A Saudi-led coalition intervened to prop up the beleaguered government the following year.
On Tuesday, the office of the UN High Commissioner for Human Rights said the rebels had entered its Sanaa office on August 3 and forced its staff to hand over the office keys and all its property.
“This serious development comes nearly two months after the wave of kidnappings launched by the Houthi militia,” Eryani said, adding it was an escalation of the rebel movement’s “repressive measures against international and humanitarian organisations operating in the areas under its control”.
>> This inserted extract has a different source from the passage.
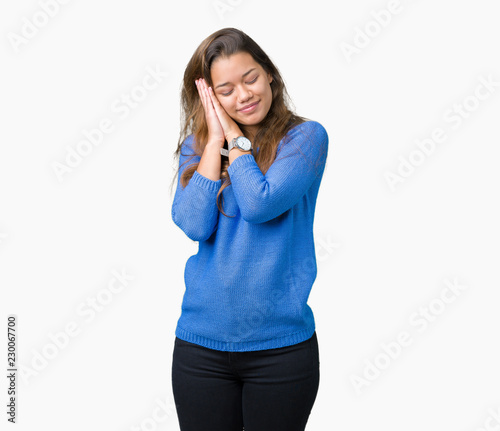 Young beautiful brunette woman wearing blue sweater over isolated background sleeping tired dreaming and posing with hands together while smiling with closed eyes.

In June, the rebels arrested 13 UN personnel, an embassy employee and more than 50 NGO staff, according to the UN. Two other staff from the UN human rights office were detained in November 2021 and August 2023.
The Houthis said they had arrested members of an “Israeli-American spy ring” operating under the guise of humanitarian organisations. The UN strongly denied the accusation.
Eryani called on the international community to “take strong and deterrent measures commensurate with the crimes committed by the Houthi militia”, to pressure them to release the detained staff and to “immediately begin designating the militia as a global terrorist organisation”.
The war in Yemen has caused hundreds of thousands of deaths and triggered one of the world’s worst humanitarian crises. Fighting has significantly decreased since the negotiation of a six-month truce by the UN in April 2022.
Since November, the Houthis have attacked international shipping in the Red Sea and the Gulf of Aden, saying they are acting in solidarity with Gaza in the war triggered by their Palestinian ally Hamas’s Oct 7 attack on Israel.